Toward Conversational Decision Support Systems: Integrating LLMs in the Operations Research Methodology
Mariusz Kaleta
DOI: http://dx.doi.org/10.15439/2025F5420
Citation: Proceedings of the 20th Conference on Computer Science and Intelligence Systems (FedCSIS), M. Bolanowski, M. Ganzha, L. Maciaszek, M. Paprzycki, D. Ślęzak (eds). ACSIS, Vol. 43, pages 165–174 (2025)
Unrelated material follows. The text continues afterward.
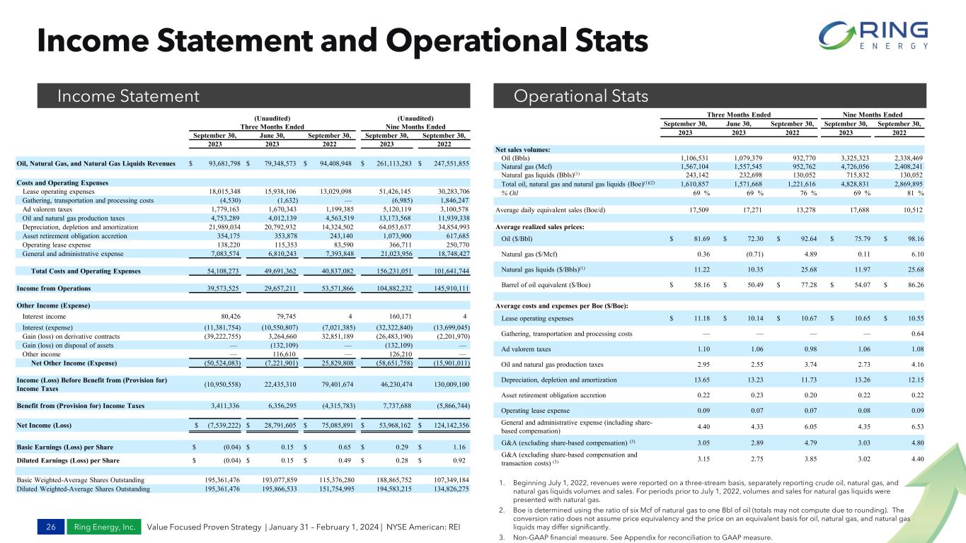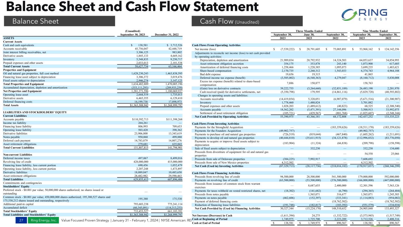 Ring Energy, Inc. Balance Sheet and Cash Flow Statement 27 Value Focused Proven Strategy | January 31 – February 1, 2024 | NYSE American: REI Balance Sheet Cash Flow (Unaudited) (Unaudited) September 30, 2023 December 31, 2022 ASSETS Current Assets Cash and cash equivalents $ 138,581 $ 3,712,526 Accounts receivable 45,756,047 42,448,719 Joint interest billing receivables, net 3,306,125 983,802 Derivative assets 1,845,133 4,669,162 Inventory 5,548,835 9,250,717 Prepaid expenses and other assets 2,033,013 2,101,538 Total Current Assets 58,627,734 63,166,464 Properties and Equipment Oil and natural gas properties, full cost method 1,628,230,243 1,463,838,595 Financing lease asset subject to depreciation 3,306,372 3,019,476 Fixed assets subject to depreciation 2,946,274 3,147,125 Total Properties and Equipment 1,634,482,889 1,470,005,196 Accumulated depreciation, depletion and amortization (353,111,293) (289,935,259) Net Properties and Equipment 1,281,371,596 1,180,069,937 Operating lease asset 2,644,519 1,735,013 Derivative assets 6,465,355 6,129,410 Deferred financing costs 14,199,738 17,898,973 Total Assets $1,363,308,942 $1,268,999,797 LIABILITIES AND STOCKHOLDERS’ EQUITY Current Liabilities Accounts payable $110,392,713 $111,398,268 Income tax liability 264,261 — Financing lease liability 806,993 709,653 Operating lease liability 503,420 398,362 Derivative liabilities 23,906,800 13,345,619 Notes payable 950,068 499,880 Deferred cash payment 14,783,879 14,807,276 Asset retirement obligations 279,681 635,843 Total Current Liabilities 151,887,815 141,794,901 Non-current Liabilities Deferred income taxes 497,067 8,499,016 Revolving line of credit 428,000,000 415,000,000 Financing lease liability, less current portion 690,456 1,052,479 Operating lease liability, less current portion 2,207,248 1,473,897 Derivative liabilities 18,089,847 10,485,650 Asset retirement obligations 28,482,982 29,590,463 Total Liabilities 629,855,415 607,896,406 Commitments and contingencies Stockholders' Equity Preferred stock - $0.001 par value; 50,000,000 shares authorized; no shares issued or outstanding — — Common stock - $0.001 par value; 450,000,000 shares authorized; 195,380,527 shares and 175,530,212 shares issued and outstanding, respectively 195,380 175,530 Additional paid-in capital 793,603,238 775,241,114 Accumulated deficit (60,345,091) (114,313,253) Total Stockholders’ Equity 733,453,527 661,103,391 Total Liabilities and Stockholders' Equity $1,363,308,942 $1,268,999,797 Three Months Ended Nine Months Ended September 30, June 30, September 30, September 30, September 30, 2023 2023 2022 2023 2022 Cash Flows From Operating Activities Net income (loss) $ (7,539,222) $ 28,791,605 $ 75,085,891 $ 53,968,162 $ 124,142,356 Adjustments to reconcile net income (loss) to net cash provided by operating activities: Depreciation, depletion and amortization 21,989,034 20,792,932 14,324,503 64,053,637 34,854,993 Asset retirement obligation accretion 354,175 353,878 243,140 1,073,900 617,685 Amortization of deferred financing costs 1,258,466 1,220,385 1,095,073 3,699,235 1,483,621 Share-based compensation 2,170,735 2,260,312 1,543,033 6,374,743 4,964,188 Bad debt expense 19,656 19,315 — 41,865 — Deferred income tax expense (benefit) (3,585,002) (6,548,363) 4,279,047 (8,160,712) 5,830,008 Excess tax expense (benefit) related to share-based compensation 7,886 150,877 — 158,763 — (Gain) loss on derivative contracts 39,222,755 (3,264,660) (32,851,189) 26,483,190 2,201,970 Cash received (paid) for derivative settlements, net (5,350,798) 179,595 (14,861,116) (5,829,728) (48,593,882) Changes in operating assets and liabilities: Accounts receivable (14,419,854) 5,320,051 (6,907,079) (5,671,516) (21,300,907) Inventory 1,778,460 1,480,824 — 3,701,882 — Prepaid expenses and other assets 1,028,203 (1,489,612) (40,823) 68,525 (2,308,540) Accounts payable 18,562,202 (5,471,391) 27,144,096 3,500,913 33,992,075 Settlement of asset retirement obligation (105,721) (429,567) (881,768) (1,025,607) (2,548,344) Net Cash Provided by Operating Activities 55,390,975 43,366,181 68,172,808 142,437,252 133,335,223 Cash Flows From Investing Activities Payments for the Stronghold Acquisition — — (183,359,626) (18,511,170) (183,359,626) Payments for the Founders Acquisition (49,902,757) — — (49,902,757) — Payments to purchase oil and natural gas properties (726,519) (819,644) (467,840) (1,605,262) (1,211,691) Payments to develop oil and natural gas properties (40,444,810) (35,611,915) (34,121,878) (112,996,032) (83,776,050) Payments to acquire or improve fixed assets subject to depreciation (183,904) (11,324) (66,838) (209,798) (158,598) Sale of fixed assets subject to depreciation — 332,230 — 332,230 134,600 Proceeds from divestiture of equipment for oil and natural gas properties — — — 54,558 25,066 Proceeds from sale of Delaware properties (384,225) 7,992,917 — 7,608,692 — Proceeds from sale of New Mexico properties 4,312,502 — — 4,312,502 — Net Cash (Used in) Investing Activities (87,329,713) (28,117,736) (218,016,182) (170,917,037) (268,346,299) Cash Flows From Financing Activities Proceeds from revolving line of credit 94,500,000 28,500,000 541,500,000 179,000,000 592,000,000 Payments on revolving line of credit (63,500,000) (53,500,000) (376,500,000) (166,000,000) (447,000,000) Proceeds from issuance of common stock from warrant exercises — 8,687,655 2,400,000 12,301,596 7,563,126 Payments for taxes withheld on vested restricted shares, net (18,302) (141,682) (6,790) (294,365) (264,484) Proceeds from notes payable — 1,565,071 316,677 1,565,071 1,245,303 Payments on notes payable (462,606) (152,397) (333,341) (1,114,883) (954,082) Payment of deferred financing costs — — (18,762,502) — (18,762,502) Reduction of financing lease liabilities (191,748) (182,817) (103,392) (551,579) (334,034) Net Cash Provided by (Used in) Financing Activities 30,327,344 (15,224,170) 148,510,652 24,905

Abstract. This paper introduces the concept of Conversational Decision Support Systems (C-DSS)---a novel, agent-based framework that leverages Large Language Models (LLMs) to enhance the Operations Research (OR) methodology. We focus on the modeling and coding stages of decision support systems, where language-based interaction is crucial. The paper evaluates the effectiveness of LLMs in generating mathematical models and AMPL code for a curated set of 20 LP/MILP artifacts. Four architectural setups are analyzed: a monolithic LLM agent (M/C), its enhancement with a code verifier (M/C+V), agent-based decomposition with RAG-enhanced coding (M+C$^R$+V), and full specialization with RAG-enhanced modeling and coding (M$^R$+C$^R$+V). Experimental results on two benchmark problems reveal that the targeted retrieval-augmented generation technique (RAG) significantly improves performance for complex modeling patterns such as piecewise functions, indicator constraints, and nested logic. We also propose a broader vision of C-DSS as a multi-agent ecosystem---including agents for visualization, explanation, verification, and orchestration---suggesting a path toward more explainable, adaptable, and intelligent decision support systems.